I'm still a student, so I don't get to put as much effort into my yard haunt as I'd like. I just have several decorations, some I've built myself, others I've bought - but that's more than the average around here, a jack-o-lantern or two. I've loved Halloween for as long as I can remember. I found HauntForum last year through a Google search, and I decided to join the site and get a head start this year. I've seen some of the amazing things you all can make, and I'm hoping that you could help a novice haunter take it to the next level.


----------



## Spooky1 (Aug 25, 2008)

Welcome Frozenpumpkin.


----------



## RoxyBlue (Oct 6, 2008)

Welcome to the Forum, Frozen!


----------



## scareme (Aug 29, 2006)

Hi and welcome to the forum. I know what you mean about frozen punpkins and snowsuits. We lived in up state Maine a couple of years, 150 miles from the nearest mall. You do have to make alot of your own things. But that can be fun too.


----------



## Spookineer (Aug 20, 2006)

Welcome to the party!


----------



## Fiend4Halloween (Aug 28, 2008)

Hello and welcome to a great forum!


----------



## smileyface4u23 (Apr 1, 2008)

Welcome - we're glad you're here!


----------



## Frighteners Entertainment (Jan 24, 2006)

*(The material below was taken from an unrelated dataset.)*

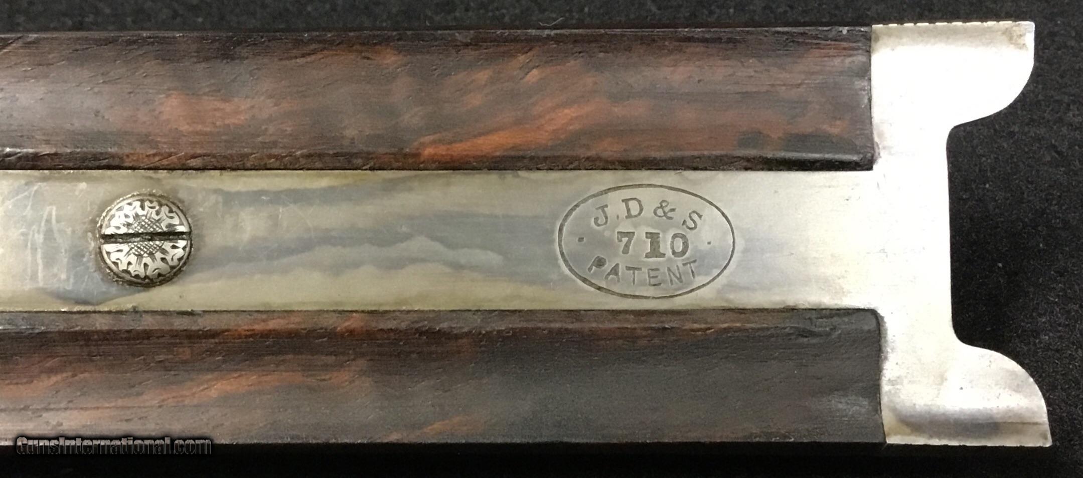 Description: John Dickson & Son Self-Opener Round Body Game Gun. Sn# 50xx. Circa 1900. 12ga. 29" 1 1/8 oz. Nitro proofed tight pattern damascus barrels. Top game rib marked "John Dickson & Son 63 Princes Street Edinburgh" and "1". Double underlug & third fastener locking system. Choked IC/M. Wall thickness: .028"/.022". 2 3/4" chambers. 100% fine and full coverage scroll engraved patented round body boxlock receiver. Rare variation with large name marked panels "JOHN DICKSON & SON PATENT" on both frame sides. Automatic safety with "SAFE" in gold. Double triggers. Nicely figured hand rubbed oil finish english walnut straight grip and splinter forend stock. Checkered butt. LOP: 14 1/2" x 1 3/8"DAC x 2 1/8" DAH x 1/4" Cast off. Weight: 6lbs 4oz Condition: Gun is in very nice overall original condition. Barrels retain most all original brown with miscellaneous light handling marks throughout. Bores are clean and bright. Barrels ring true. Engraving remains crisp throughout with softening on trigger guard tang. Traces of case color remain in protected areas. Stock finish is very good with scant handling marks. Checkering is very good and remains shaped. Gun tight and on-face. Ejectors in time. Gentlemen, this is a very desirable maker and worthy of your collection. Great dimensions and a pleasure to shoulder. The large side panel markings are not common and often sought after by Dickson collectors. Please call now on this fine gun! FFL required (C&R okay). Buyer to pay S/H/I fee SOLD Curio/Relic: Yes Manufacturer: JOHN DICKSON & SON Model: ROUND BODY SELF OPENER Chambers: 2 3/4 Ejectors: YES Condition: USED Barrels: 29 Barrel Type: DAMASCUS Action: BOXLOCK Triggers: DOUBLE Gauge Info: 12 Proof:Nitro: YES |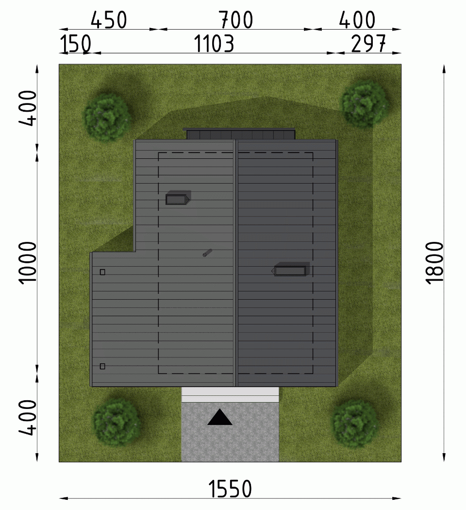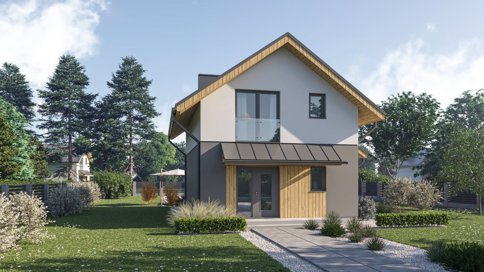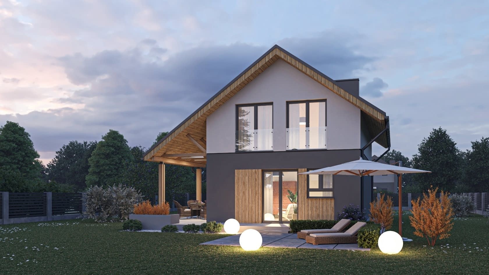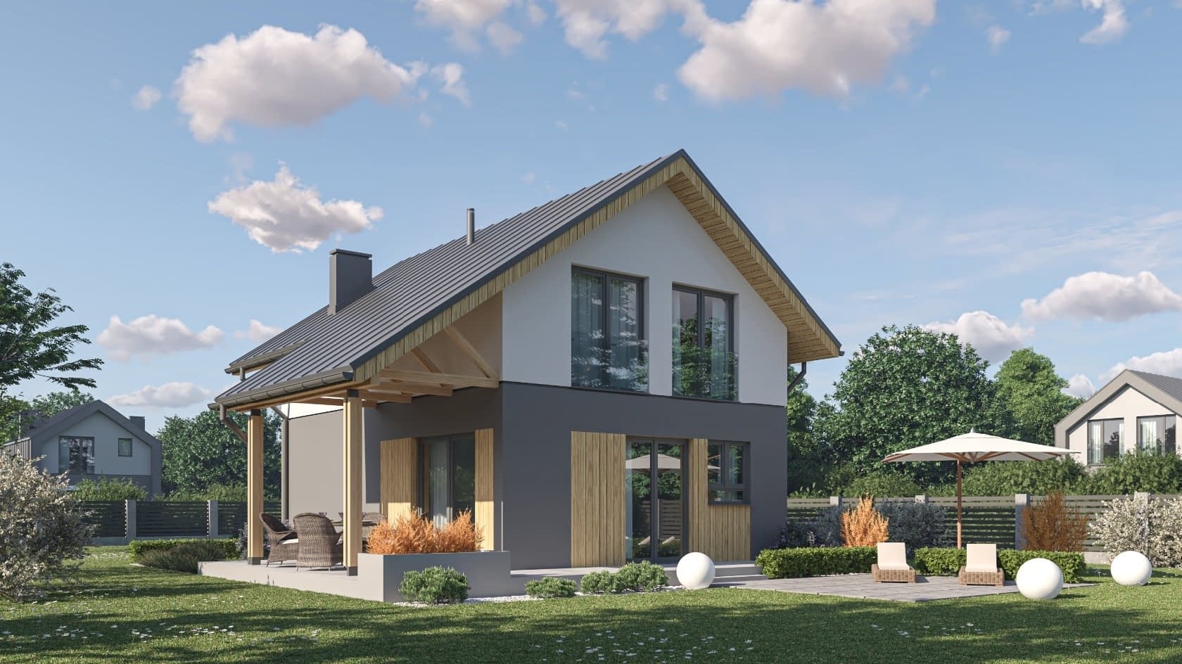 - elewacje (frontowa, dwie elewacje boczne, ogrodowa) – dokładny wygląd domu z każdej strony.

You'll have a great time here!


----------



## Wyatt Furr (Jun 5, 2006)

Howdy and Welcome


----------



## spideranne (Jul 17, 2006)

Welcome!


----------



## DoomBuddy (Mar 1, 2009)

Welcome to the group


----------



## pyro (Oct 7, 2006)

welcome---


----------



## NoahFentz (May 13, 2007)

How far upstate are you? I m originally from the Saratoga/Albany area.


----------



## Spooklights (Jul 4, 2006)

Hi! Welcome to the forum!


----------



## FrozenPumpkins (Jul 5, 2009)

Thanks for the welcomes, everyone! 

NF: I'm about 20 minutes north of Saratoga - Glens Falls area


----------



## Death in the Reaper (Apr 23, 2007)

Welcome Frozen. I might not know a whole lot about props but I do know some things about make-up. My parents, Vlad and Black Cat, they know quite a bit about props. And I know they're always hanging around here.


----------



## NoahFentz (May 13, 2007)

FrozenPumpkins said:


> Thanks for the welcomes, everyone!
> 
> NF: I'm about 20 minutes north of Saratoga - Glens Falls area


Ah yes...know it well. My brother use to live in Glens Falls. Saw many a concert a the Civic Center. My wife is from Burnt Hills. I am from Broadalbin. We will be camping up in Schroon in about two weeks. Welcome!!


----------



## sharpobject (May 7, 2008)

Hi and welcome !!!


----------



## IMU (Apr 8, 2009)

Hello and Welcome!


----------



## ghubertu (Apr 10, 2009)

Welcome, and your name is very fitting for your location.


----------